- A portrait of T. Gopala Rao
- Born: 1832 Ganapathi Agraharam, Tanjore district, Madras Presidency, British India
- Died: 11 May 1886 (aged 53–54) Madras, British India
- Known for: educationist

= T. Gopala Rao =

Rai Bahadur Thandalam Gopala Rao (तंडलं गोपाळ राव, தண்டலம் கோபால் ராவ்) (c. 1832 – 11 May 1886) was an Indian educator who, along with William Archer Porter, was responsible for the growth of the Government Arts College, Kumbakonam in its early stages.

== Early life ==

Gopala Rao was born in a Thanjavur Marathi family in the village of Ganapathi Agraharam near Kumbakonam. His grandfather Thandalam Jeevanna (also known as Ramachandra Pandit) had worked as a Tahsildar in the service of the British East India Company, while his father Raghava Punt served as a revenue officer under Serfoji II.

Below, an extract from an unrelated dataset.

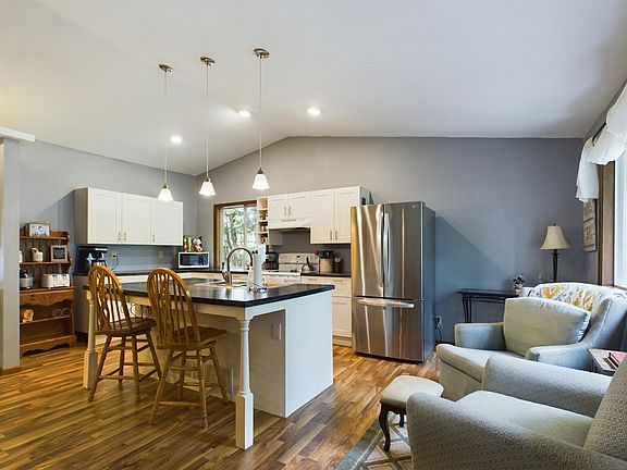 Welcome to this stunning single-story home, an orchestrator of both comfort and style, set amidst some of the most vibrant local amenities. This attractive home features a functional floor plan that flawlessly integrates a modern kitchen with a spacious living area. Additionally, this room is ideal for a cozy evening by the fire, thanks to the delightful living room's centerpiece—an exquisite fireplace. Step outside to enjoy the close amenities of the Village of Siren and the Crooked Lake Park - all within walking distance. Morning coffee on your front or back deck, plenty of storage space in the 2+ car detached garage, and many recent updates! Plus, the neighborhood offers great schooling opportunities at the nearby Siren School. And for those lazy nights when you don't feel like cooking, you'll appreciate the close proximity of the local restaurants. This residence is the perfect blend of space, style, and convenience you’ve been searching for!

During Rao's infancy, the family moved to Tiruvadi and from there to Travancore where Gopala Rao served in the Travancore service. Gopala Rao had little schooling but achieved proficiency in Marathi, Sanskrit and English. At the age of 17, Gopala Rao was employed as a clerk in the office of the collector of Tanjore. In 1851, he was promoted Manager of the Department of Public Works.

== Educational career ==

In 1854, Gopala Rao entered the educational department as First Assistant in the newly established provincial school (later Government Arts College) at Kumbakonam. Gopala Rao passed his matriculation in 1857 and graduated in arts from the Madras University in first class in 1859.

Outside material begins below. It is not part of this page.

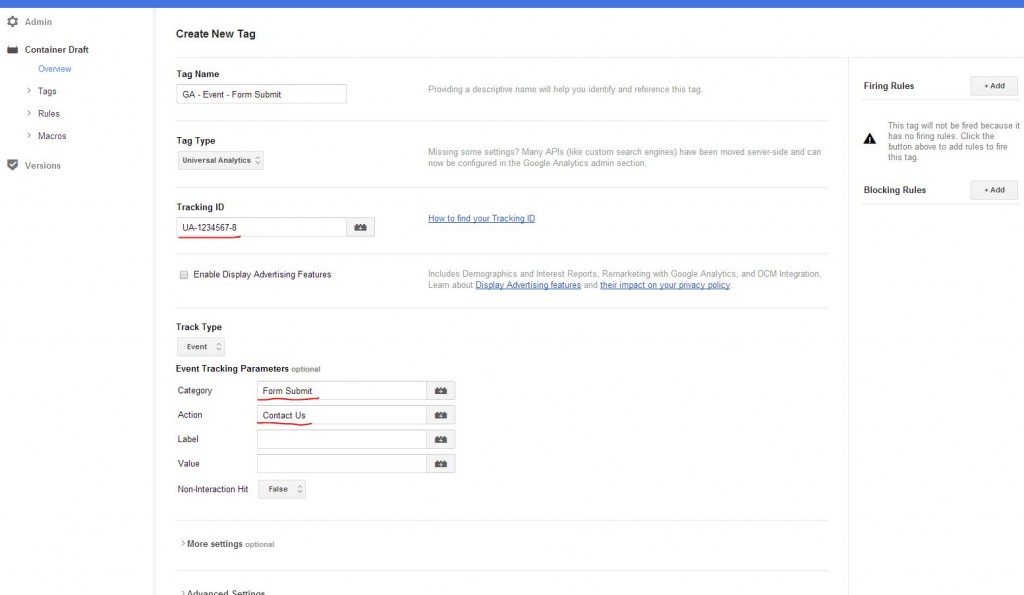 After setting up a Google Tag Manager account: www.google.com/tagmanager/ follow these steps…

In 1867, the provincial school at Kumbakonam was elevated to a government arts college. Gopala Rao and William Archer Porter were instrumental for its elevation. They were also credited with having built up the reputation of the college.

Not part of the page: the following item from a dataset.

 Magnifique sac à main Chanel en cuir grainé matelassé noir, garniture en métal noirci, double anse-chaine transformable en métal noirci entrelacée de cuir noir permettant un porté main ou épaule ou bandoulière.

From 1870 to 1872, Gopala Rao acted as the Inspector of Schools, the first Indian to be appointed to the post. In reward for his success, Gopala Rao was made a fellow of the Madras University. In the same year, he succeeded William Archer Porter as the Principal of the Kumbakonam College and served till 1874. In 1878, Gopala Rao was appointed Professor of History and Political Economy at the Presidency College, Madras.

== Death ==

In 1883, Gopala Rao was struck with fever. He hurried to Kumbakonam for rest. Gopala Rao returned to Madras soon afterwards but died on 11 May 1886.